The former is about a Police Detective (Michel Piccoli) going undercover into the ‘belly of a gang of car thieves/scrap-dealers to lure them into robbing a bank, so he could catch ‘em in the act.
The latter is the only toy I grew up with, a perverse pleasure in a video-gamization of a master’s poorest-written novel, and maan, you should play the book, ‘coz the game is practically a training school in the celebratory bread-breaking in the conventions of our this beloved genre. Owing to the Video’s interactive nature, I have never, like really NEVER EVER, reached its end, in effect having never read the novel, ‘coz there’re numerous ways to ride the ride, relishing its enchantment in what initially sounds like a pastiche of cheesy one-liners, but soon-enough confirms the wisdom of evolution & taste.

Sankat City, whose plot I refuse to dwell here on a hyperlinked PFC, made me want the film to never end, simply because the film’s team was walking the tightrope very deftly, with the confidence of allowing its purveyors the luxury to return to the Home Page, so to speak, whenever they tired of an (non-existent) exhaustion.

Kay Kay Menon’s and Anupam Kher’s posts had upped my expectations of the Long Takes in the film.
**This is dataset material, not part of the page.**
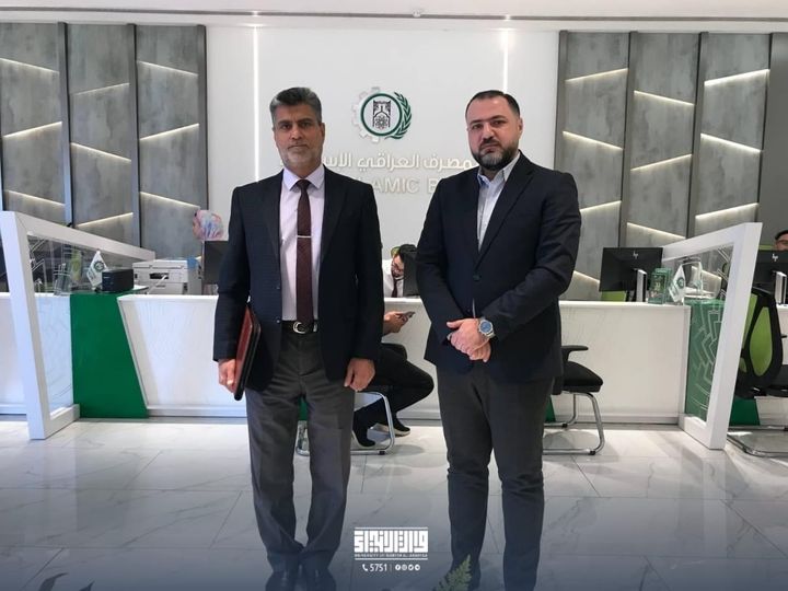Within the framework of the excellence strategy, and within a series of field visits to a number of Islamic banks, Dr. Jaafar Abdul Amir Al-Hussaini, Head of the Department of Islamic Finance and Banking at the College of Islamic Sciences at Warith Al-Anbiya University, visited the Iraqi Islamic Bank for Development and Investment. During the visit, he met with the bank’s director, Mr. Ahmed Qais Radif, where they discussed prospects for joint cooperation to raise the skill level of the department’s students, and ways to enhance their practical capabilities.

I like my Long Takes to play like Long Takes, which for some inexplicable reason Sankat City’s numerous ones didn’t for me.
Nor could I fathom why Kay Kay’s Guru was called Guru, of all names, when the rest of thems in the film were so very colorfully designated, more so since Kay Kay was made to play-it so very un-Guru-straight-like, but did play goofy more like the colored ones. I also do have a quaint preference for a non-broad-like play a broad-like femme fatale, and vice-versa etc.
Curiously, I found myself (my neighbor’s fault totally) walking out of the film’s End Credits, and also overheard few other audience members, having thoroughly enjoyed Sankat City while, inadvertently again, humming Kaminey’s scorcher Dhan Te Nan. I suspect the same to have transpired while entering the hall too. what I did though is go find the first bar out of the cinema, get back home, play Ghoom Ghoom loopwise. Intoxicicatory!
I would’ve also, for whatever loserly reasons, liked some melancholy, grim worldview of noir, but Sankat City refuses any. But again, it’s Pankaj’s film. And don’t we want more of thems!!
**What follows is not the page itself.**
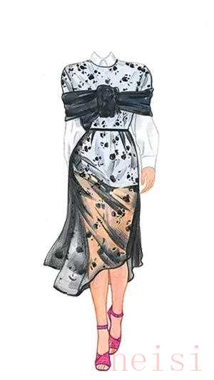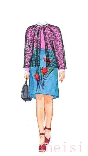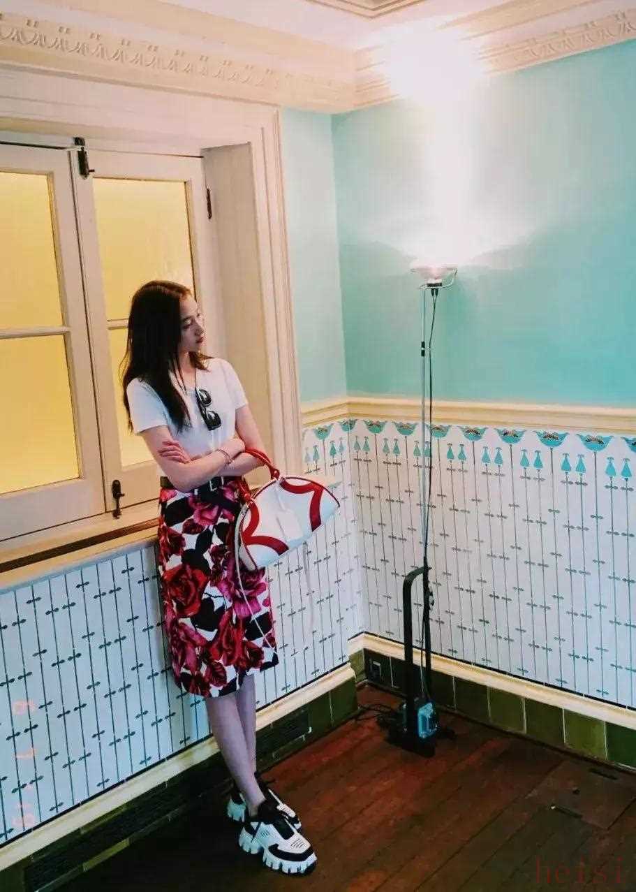 雪莉用一條玫瑰插畫裙搭配它,氣質更溫柔一些。

Am most thrilled with the film, when looking back, that though the writing must’ve been structured in a requisite 3 act nature (that a couple of our film critics oft use as a ‘problematic 2nd act’ stick), the film plays-out, in its first half, as a very charmingly elaborate unfolding of the events (Set-up, if you will), and in the second, as a wickedly-smart paying-off of every single damn thing that ever came-up in the first half. One must’ve really had a hard time with the Repo Man, to have honed Paying-off skills to such effortless heights. Brilliant!
I say this ‘coz if we were to look at all the blockbuster fucks in Bollywood, the only solitary chose they get right are the pay-offs, however sloppy, amateurish, shameless, non-existent soul selling-out, plain whoring, but they do the paying-off, come what may, you & I notwithstanding, celebrated by the film’s audience, like, wholeheartedly.

p.s.
my Pvt Eye. Exe CD had adorable utterances asking me such beautiful existential questions as “Where to next, Bud?”, and allowed me to choose wherever the fuck I wanted to venture, based on my own perception of self-worth.
Dear dear Kamal Swarup, whose Om Dar-B-Dar is THE greatest Indian film ever made, generously taught me about something called one’s perception of their inherent intelligence, and what its allowances consequate into, and more crucially their lack-ofs.
Pankaj seems to have tirelessly answered all those “Where to Bud?” questions to destinate into a sweet sweet spot he’s carved for himself in our hemisphere, a place called Sankat City.

Thanks Pankaj, for a wonderful experience at the cinemas. As a thank you note, I’ve taken a Shanghai Nights-like subversive dig aimed at you, whence opening this piece.
Great going Bro, keep ‘em on, and of course, keep ‘em cumming.

p.s. 02.
Strangely, Sankat City plays much better when viewed sober. Take my word, I should know.